As groups grow large, the methods used in the toolkit, and the underlying algorithms for maintaining group 
membership, become very costly. In recent versions of ISIS we have succeeded in reducing basic costs, such 
as for multicasting to a small group, to the limits imposed by the hardware technology and the operating 
system. We expect to be able to speed up multicasts even more by specializing the implementation when 
using networks with an effective hardware multicast facility, such as Ethernet. 

Reducing the cost of communication has allowed us to support larger applications than in the past, but the 
key to supporting truly large scale applications is reducing the amount of communication going on, and in 
particular the number of destinations for typical multicasts. The real problem in the current versions of 
ISIS, is that all members of a process group cooperate to process most requests and events relevant to the 
group, and this style of programming clearly does not scale up very well. 

For example, in the coordinator-cohort example above, if there are n members in the process group, a service 
request will involve 2 n messages in the absence of process failures, and will require action by all n members, 
even though only one member will actually perform the request. As the number of clients of the service 
grows, we must increase the size of the group providing the service to cope with the increased demand.

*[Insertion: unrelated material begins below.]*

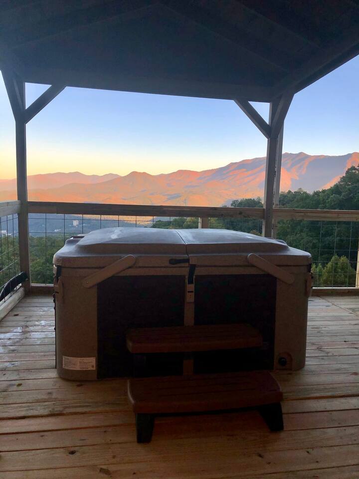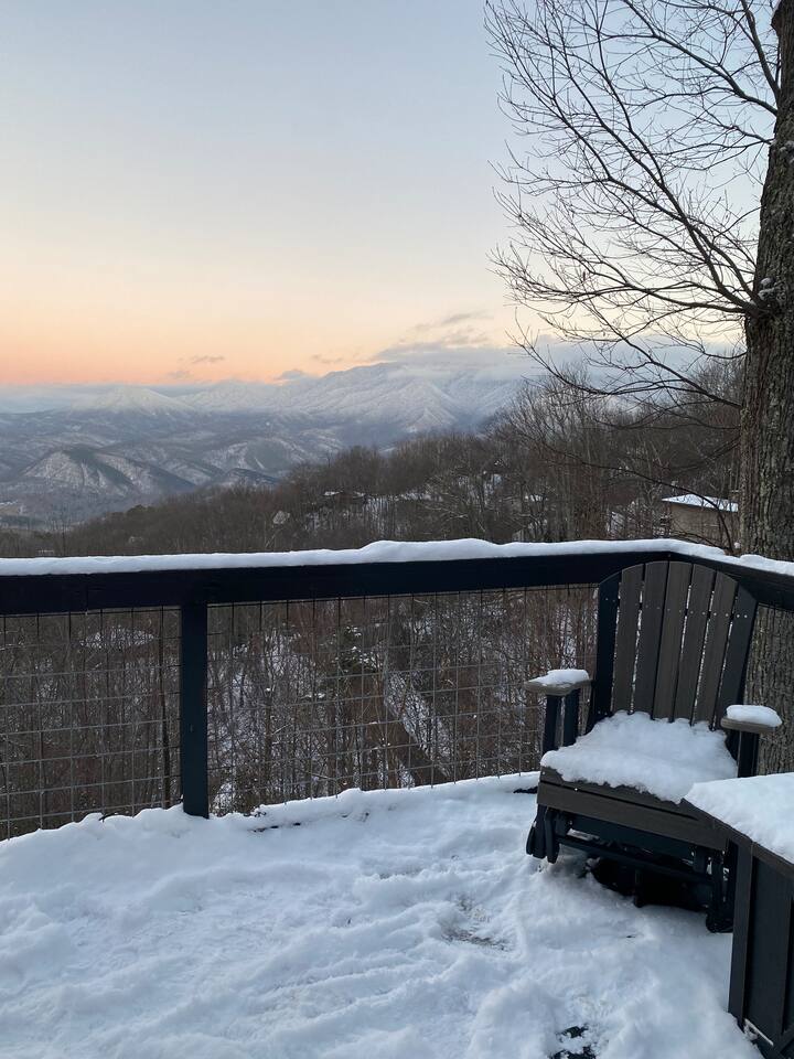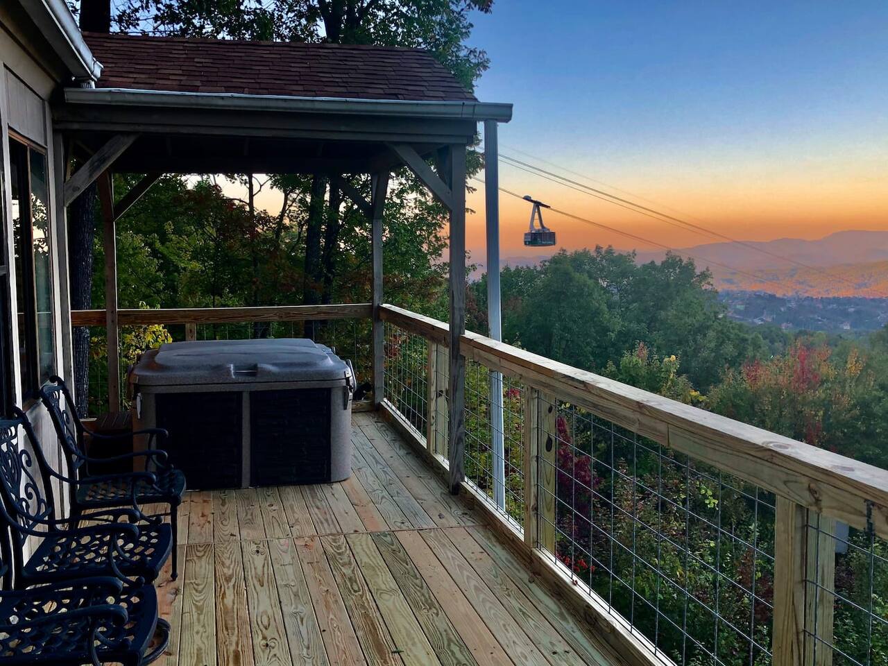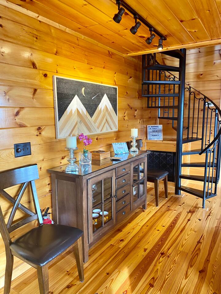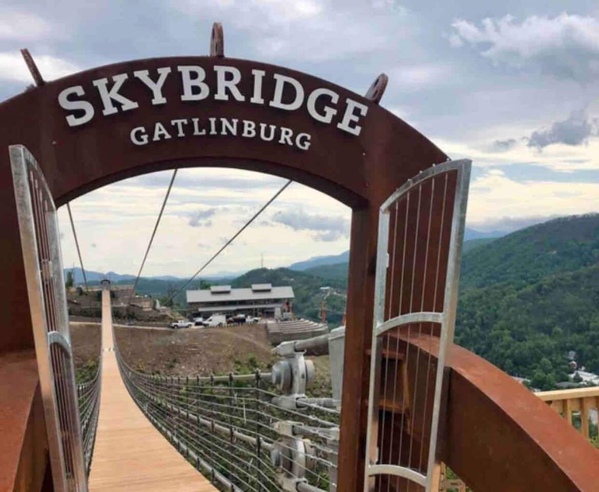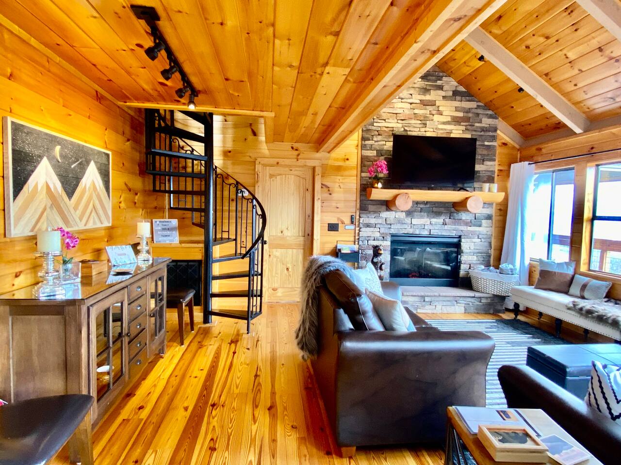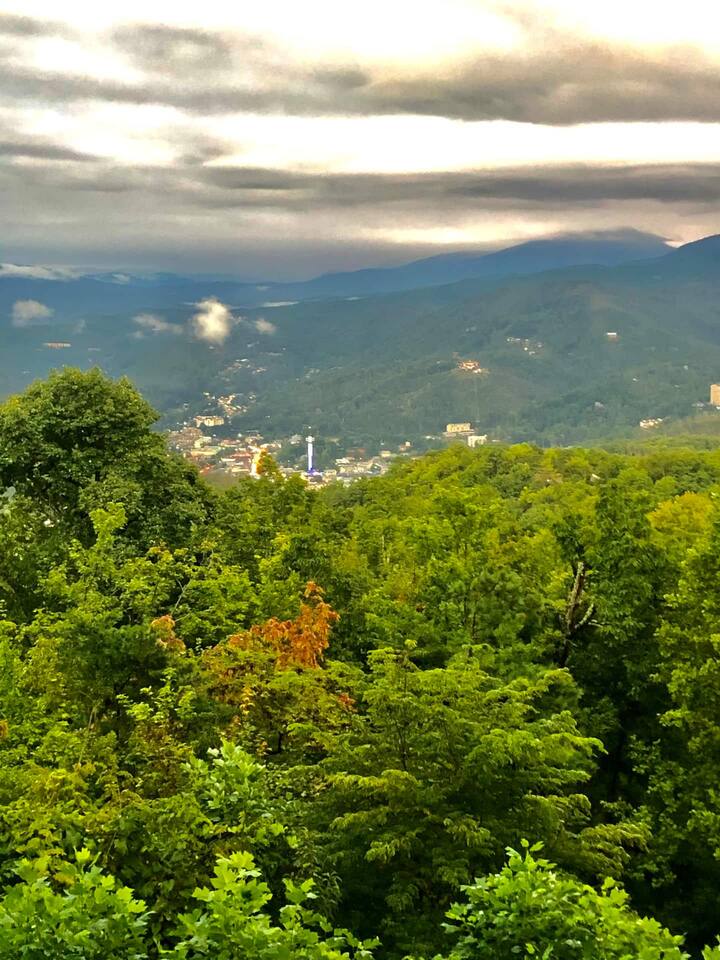 The space Peaceful Wooded Surrounding | Panoramic Mountain Views | Downtown Gatlinburg/Tram Views | Keyless Entry | Outdoor Grill | WIFI | Cable | Chalet Village Pool Access during summer months| Hot Tub Tucked away on a quiet street with only one cabin to your right. The main level features a spacious living room with luxurious leather couches, large windows with mountain views, electric fireplace surrounded by natural stone/authentic log mantle, and 55” large flat screen TV. Fully equipped kitchen and dining area just a few steps away, with dining table on the deck for those wanting to eat outside. First bedroom has a king bed, flat screen TV and connects to the hall bath. Second bedroom has king bed and private bath with direct access to the deck. The beautiful spiral staircase connects the main level to the upper deck where you will find board games and flat screen TV, and a dedicated work area. When staying at our lodge, you will get access to all 3 pools located in Chalet Village during the summer months. NON SMOKING! NO PETS! Parking for two vehicles with split driveway. *** Please note that our cabin is located in The Great Smokey Mountain area and therefore we are surrounded by wild life. Bear sightings in the area are normal, particularly in the Spring and Fall. Please familiarize yourselves with the do's and don'ts when experiencing a bear sighting. Do not leave children unattended. ***

Thus 
message traffic will grow as the square of the number of clients. Broadcasting a request to the n 1 cohorts 
is not completely wasted work since the cohorts provide resiliency to failure of the coordinator. However 
there is no practical advantage to having more than perhaps five cohorts for a request. There is no reason 
to increase the “resiliency” of the service to extremely large numbers, and given the increasing load imposed 
by ever larger broadcasts, reliability will actually decrease. 

Upon group membership changes, including the failure of a group member, a broadcast is sent to the 
new membership of the group, since each member maintains an up-to-date membership list. As group 
size increases the probability of one of the members failing increases, and with it the cost of processing 
membership change broadcasts. 


3 Hierarchical process groups 


Our approach to handling large scale applications consists of exploiting hierachy to bound the number of 
destinations for many broadcasts and to control the cost of operations involving large numbers of processes. 
All the processes implementing some service are made members of a single large group, but this group is 
organized into many resilient subgroups. The large group is used for naming purposes to identify the service, 
but requests are broadcast to a individual subgroups. In fact a group may have multiple levels of subgroups, 
but at each level the number of children of a subgroup will be bounded. The critical issues are how to 
represent and manage hierarchical group membership lists, and how to map large scale applications onto 
this structure. 


Group structure 

We first define the following quantities on a group: 


• Size: The number of member processes.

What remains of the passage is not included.